Additionally, pressure for change is growing from the World Trade Organization, where developing nations are making headway in their complaint that U.S. subsidy programs encourage domestic farmers to overproduce, thereby damping world-wide commodity prices. This year, for example, a WTO dispute panel sided with Brazil over its allegations that some subsidies collected by U.S. cotton farmers distort trade.

In his resignation letter, Mr. Danforth said he was stepping down to spend more time with "the girl of my dreams," Sally, his wife of 47 years. He said he hoped to return to private life by Inauguration Day, Jan. 20, but remained available to help Mr. Bush from his home of St. Louis, as he did when serving as a special envoy to Sudan before taking the U.N. post.

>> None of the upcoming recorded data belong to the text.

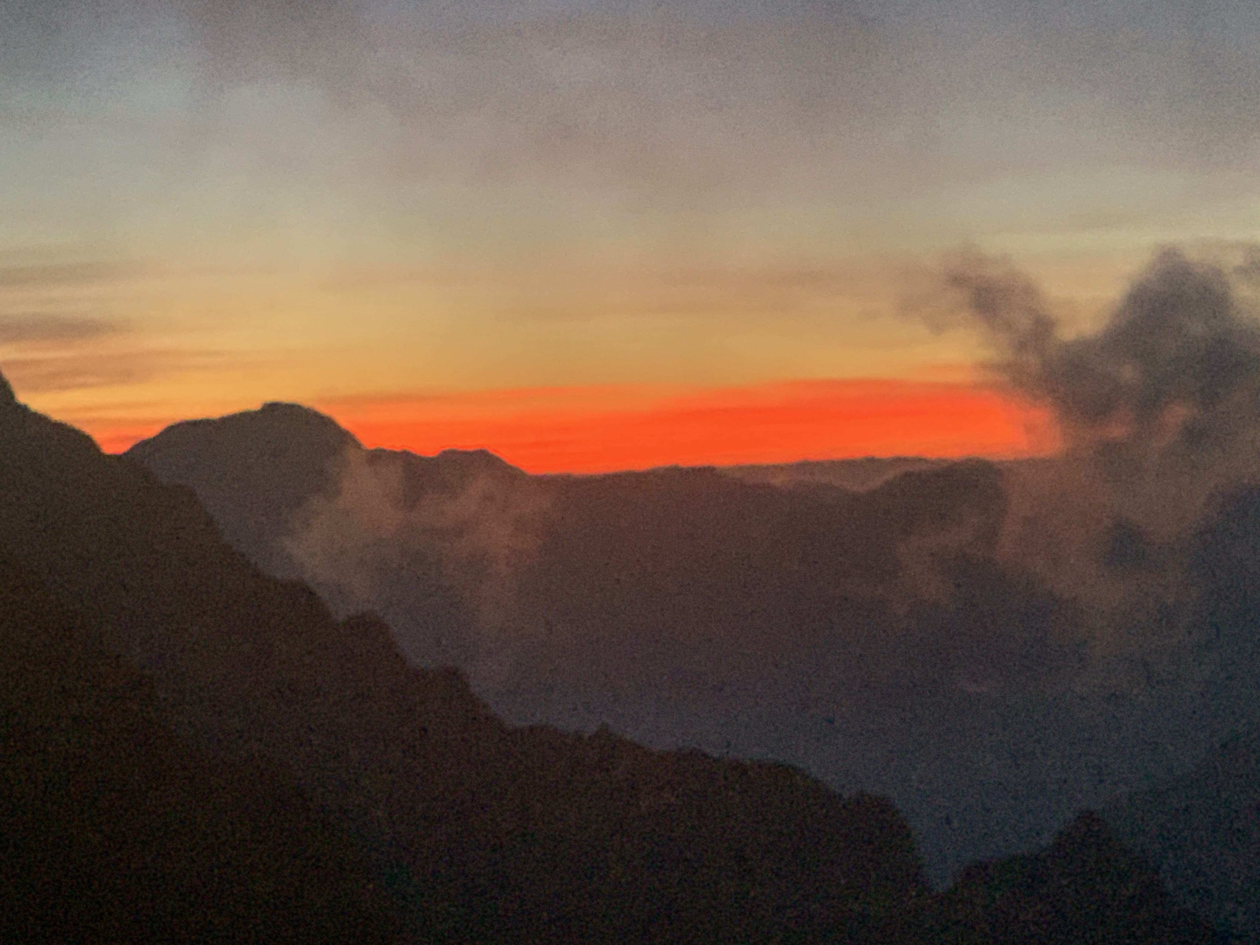 明るくなって、振り返ると、昨日歩いた山々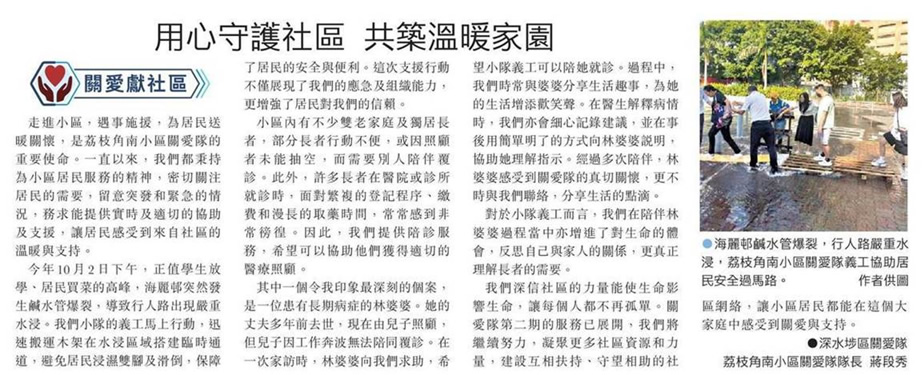 关爱队以爱为本 伸手助人为居民 (文汇报A4版)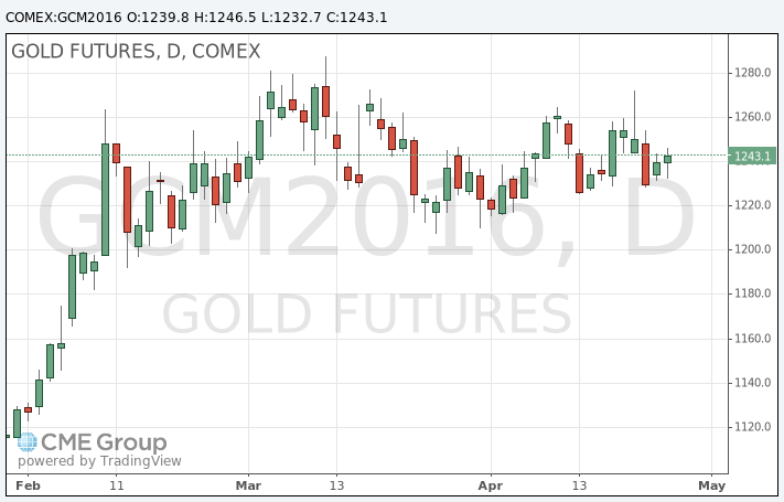 Стоимость июньского фьючерса на золото на COMEX сегодня выросла до $1246,5 за унцию.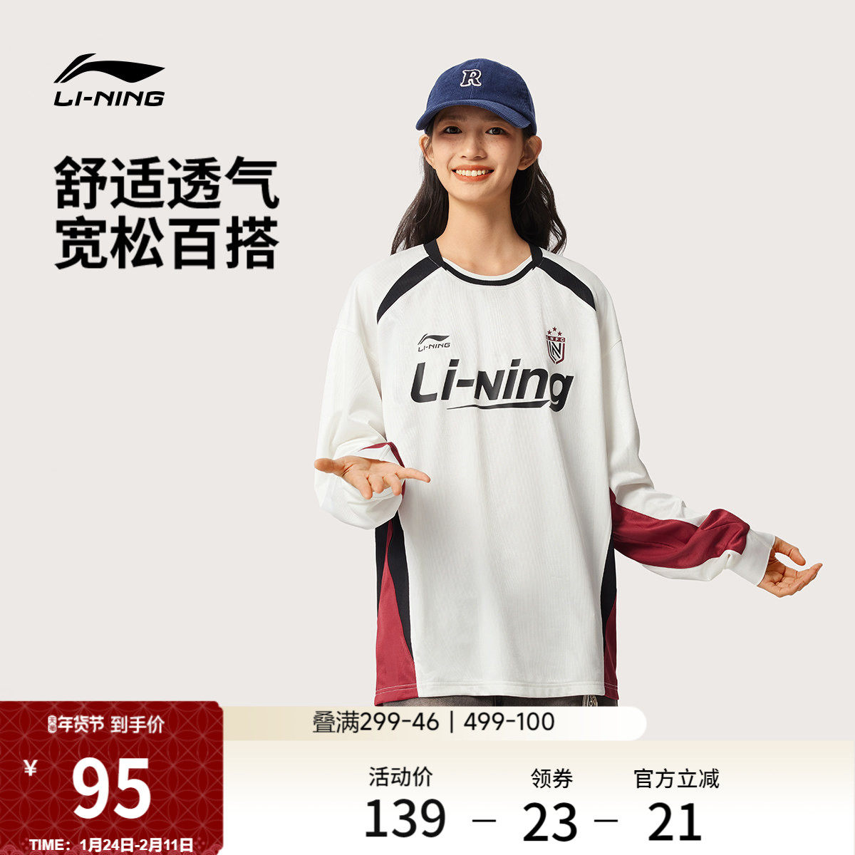 李宁长袖T恤男士官方新款情侣宽松上衣美式薄款卫衣圆领运动服女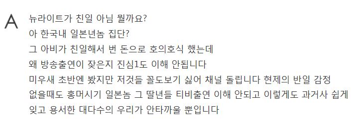 홍진영이 나쁘다는것이 아니라 나라를 위해서라도 뉴라이트는 안된다는 것입니다.

Mr. Danforth took the U.N. post on July 1, succeeding John Negroponte, who was picked as U.S. ambassador to Iraq when the interim government took office there. An official familiar with Mr. Danforth's thinking said he had taken the job despite reservations about it and had been considering his exit for weeks. Mr. Danforth, 68 years old, who besides his long career in politics is an ordained Episcopalian minister, found life in New York too harried for his taste, the official said.

His appointment also came at a time of heightened tension between the U.S. and the U.N., primarily over the prosecution of the Iraq war, which was launched without Security Council authorization. U.N. Secretary-General Kofi Annan has said the war is illegal under international law, and some conservative U.S. lawmakers, already upset with alleged corruption in the U.N.'s Iraqi Oil-for-Food Program, have called for Mr. Annan's resignation. The Bush administration hasn't joined in those calls, but it is clearly angry over the world body's continuing refusal to commit significant resources to Iraq's rebuilding.

--Robert Block in Washington and Jess Bravin in New York contributed to this article.